Still makes me laugh. Love it.
Feb 22
So I got up this morning and the place was white. Considering we had a day of 60˚ temperatures on Monday this was pretty astonishing and, for me, came without warning. Its pretty neat to see the city all white in the morning as the cars and people haven’t had a chance to turn the roads in to brown slush or sweep all of the clean snow off of the sidewalk. It also seems to make the commute into work much easier as I am sure some people get up and don’t even bother they’re arse to get out of bed to even attempt it.
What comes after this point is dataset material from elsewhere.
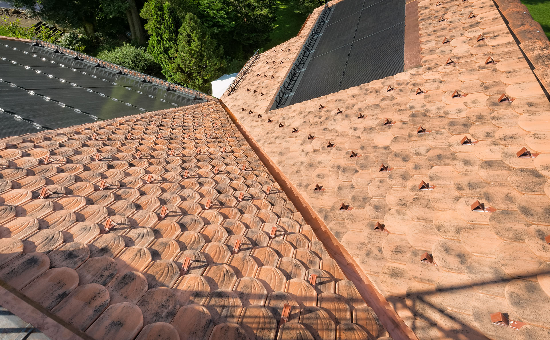 Die Photovoltaik ist derart gekonnt in das neue Biberschwanz-Ziegeldach integriert, als gehörte sie schon immer dazu.

As a result I snagged a seat on the D express train down here and got in early enough to snap a few photos out of the office window.

Now I am setting myself up for another fairly boring day of doing not very much. At least its friday.
Feb 21
So I am bemused every morning by the sheer size of some people who gladly ride the subway taking up as much space as they like every morning. Concessions should be made for these people. They should be allowed to work at odd times, through the night maybe. This will stop them from monopolizing our comfort in the mornings by keeping them out of peak traffic. I also propose that they build “Fat Turnstiles” that charge people falling into the category of “Fat Bastards” double the amount the rest of us have to pay. Maybe they are charged in food. That would either discourage them from using the subway cos they love eating so much, OR maybe slim them down by them having to give up on their little luxuries like Pizzas the size of coffee tables.

I have to say, there is one woman (i think) who gets on my train in the mornings and when she walks over to a seat and sits down she doesn’t change position at all. Her fat ass props her up on the seat at the same height as she is standing. She needs to be paying double or triple the regular passenger AT LEAST. Maybe then the bloody MTA can make there money rather than subjecting us to fare hikes again and again.